Réguler la glycémie

Insuline et glucagon

La glycémie — le taux de glucose dans le sang — est l'exemple de régulation le mieux connu, et le plus utile à comprendre.

Pourquoi elle doit rester stable

   trop BAS (< 0,6 g/L)   ->  le cerveau manque de carburant
                              malaise, convulsions, coma
   trop HAUT (> 1,8 g/L)  ->  le glucose s'accroche aux protéines
                              lésions des vaisseaux, des reins, des nerfs

Le cerveau consomme environ 120 g de glucose par jour et n'en stocke pratiquement pas : il dépend d'un approvisionnement continu par le sang. Quelques minutes d'hypoglycémie sévère suffisent à provoquer des dégâts.

À l'inverse, un excès prolongé abîme lentement les vaisseaux — mécanisme central des complications du diabète.

Le pancréas : capteur et centre à la fois

Le pancréas contient des amas cellulaires, les îlots de Langerhans, qui mesurent en permanence la glycémie et sécrètent l'hormone appropriée.

   glycémie   MESURÉE par les îlots de Langerhans
        |
        +---- trop HAUTE  ->  cellules β  ->  INSULINE
        |
        +---- trop BASSE  ->  cellules α  ->  GLUCAGON

Une même glande produit donc les deux hormones antagonistes. Elle est capteur et centre de décision simultanément — d'où sa rapidité de réaction.

L'insuline : faire baisser

C'est la seule hormone hypoglycémiante de l'organisme.

   INSULINE  ->  agit sur :

   MUSCLES et TISSU ADIPEUX  ->  entrée du glucose dans les cellules
   FOIE                      ->  stockage sous forme de GLYCOGÈNE
                             ->  arrêt de la production de glucose

Le point crucial : sans insuline, le glucose ne peut pas entrer dans la plupart des cellules.
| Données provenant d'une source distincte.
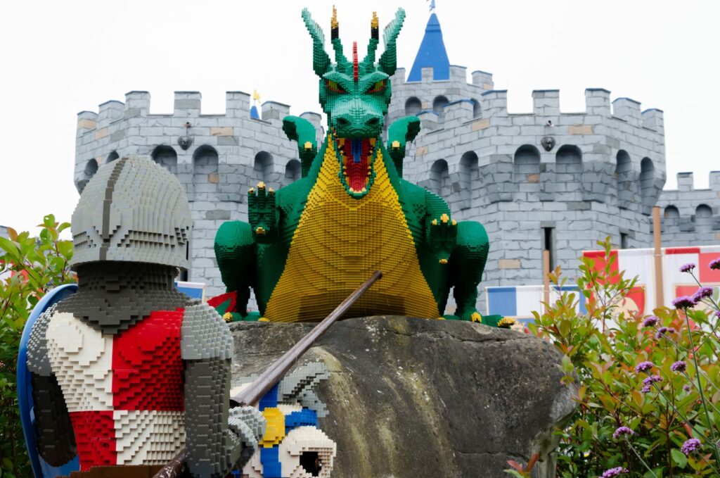 The park is split into 12 themed lands, incorporating various attractions, restaurants and shops: The Beginning, Duplo Valley, Knight’s Kingdom, Lego City, Miniland, Lego Ninjago World, Pirate Shores, Heartlake City, Kingdom of the Pharaohs, Land of the Vikings, Imagination, Lego Mythica: World of Mythical Creatures.
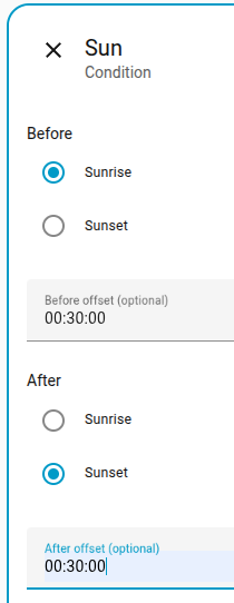 I want the automation to turn the light on (enable) before sunrise,… and after Sunset,…
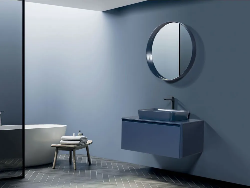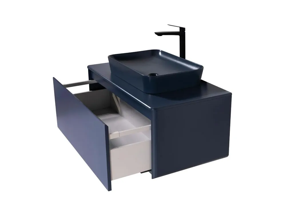 Έπιπλο μπάνιου Curved 100 cm με επιτραπέζιο νιπτήρα πορσελάνης 60 x 40 cm. Υλικό κατασκευής Κόντρα Πλακέ Θαλάσσης με επικάλυψη Ματ Λάκας.
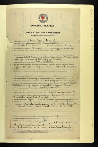 Elena Crough’s application to join the American Red Cross in 1917. Prior experience includes: private work from 1908-1914; school nurse Manchester NH 1914-1917.
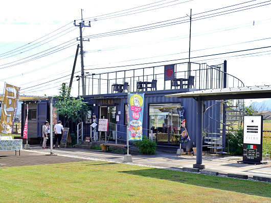 そして中庭沿いにさらにぐるりと廻ると、コンテナハウスを改造したようなお店がありました。ここが道路沿いにも看板が出ていた「PIZZERIA FIERO(フィエロ)」です。ここは原料となる小麦粉やチーズなどを本場のイタリアから仕入れて、地元産の野菜などをトッピングしたピザを職人さんが焼き上げる本格的なピザのお店です。
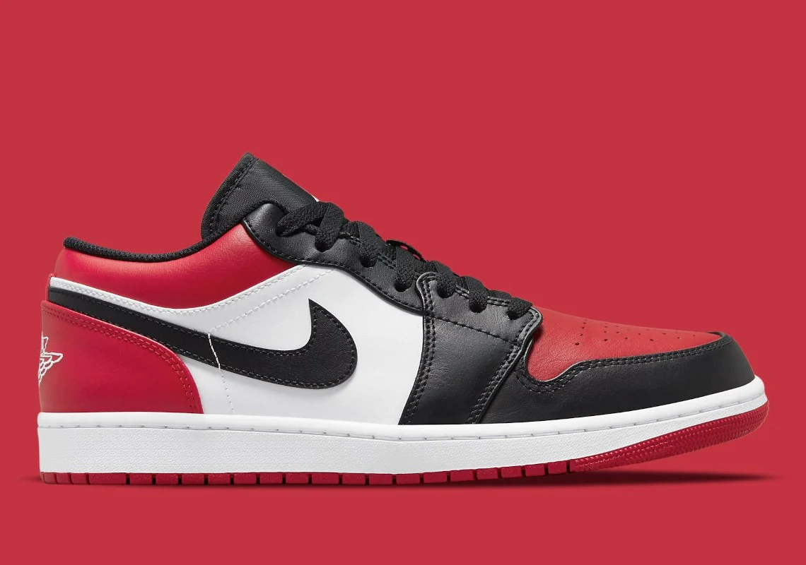 La Air Jordan 1 Low « Bred Toe » ressemble à la fois aux Chicago Bulls et à un coloris original de la première chaussure signature de Michael Jordan pour l’inspiration du design. Vêtue des couleurs de l’uniforme de l’ancienne équipe de basket de Jordan, cette variante basse de la chaussure de basket vintage reproduit le bloc de couleur de la Jordan 1 « Black Toe » originale portée par Jordan lors de sa saison recrue, avec une touche d’originalité. Au lieu d’un orteil perforé en cuir blanc comme on le voit sur l’original, le « Bred Toe » moderne a un orteil perforé Gym Red avec des superpositions en cuir noir contrastant sur l’embout, l’avant-pied et les œillets. Ailleurs, du cuir blanc apparaît sur le panneau central et du cuir Gym Red se trouve sur le col et le talon. Un Swoosh en cuir noir réside des deux côtés et un logo « Wings » blanc est brodé sur le talon.

Il reste dans le sang, en abondance, tandis que les cellules manquent de carburant. C'est le paradoxe du diabète non traité — un organisme qui meurt de faim au milieu du sucre.

Le glucagon : faire monter

   GLUCAGON  ->  agit surtout sur le FOIE

   dégradation du glycogène en glucose      (réserve immédiate)
   fabrication de glucose à partir d'autres molécules

Le foie est le véritable organe régulateur : il stocke environ 100 grammes de glycogène, mobilisables en quelques minutes. Cette réserve couvre à peu près une journée de jeûne, après quoi d'autres mécanismes prennent le relais.

Après un repas : la boucle complète

   repas -> absorption de glucose -> glycémie MONTE à 1,4 g/L
        |
        v
   les cellules β le détectent  ->  sécrétion d'INSULINE
        |
        v
   entrée du glucose dans les cellules + stockage hépatique
        |
        v
   glycémie REDESCEND vers 1 g/L
        |
        v
   les cellules β le détectent  ->  sécrétion d'insuline ARRÊTÉE

C'est un rétrocontrôle négatif complet : la correction s'interrompt d'elle-même quand elle a produit son effet.

En résumé

  • La glycémie doit rester proche de 1 g/L ; le cerveau en dépend en continu.
  • Le pancréas est à la fois capteur et centre de décision.
  • L'insuline (cellules β) fait baisser : entrée dans les cellules, stockage hépatique.
  • C'est la seule hormone hypoglycémiante.
  • Le glucagon (cellules α) fait monter : dégradation du glycogène du foie.
  • Le foie stocke environ 100 g de glycogène, soit une journée de réserve.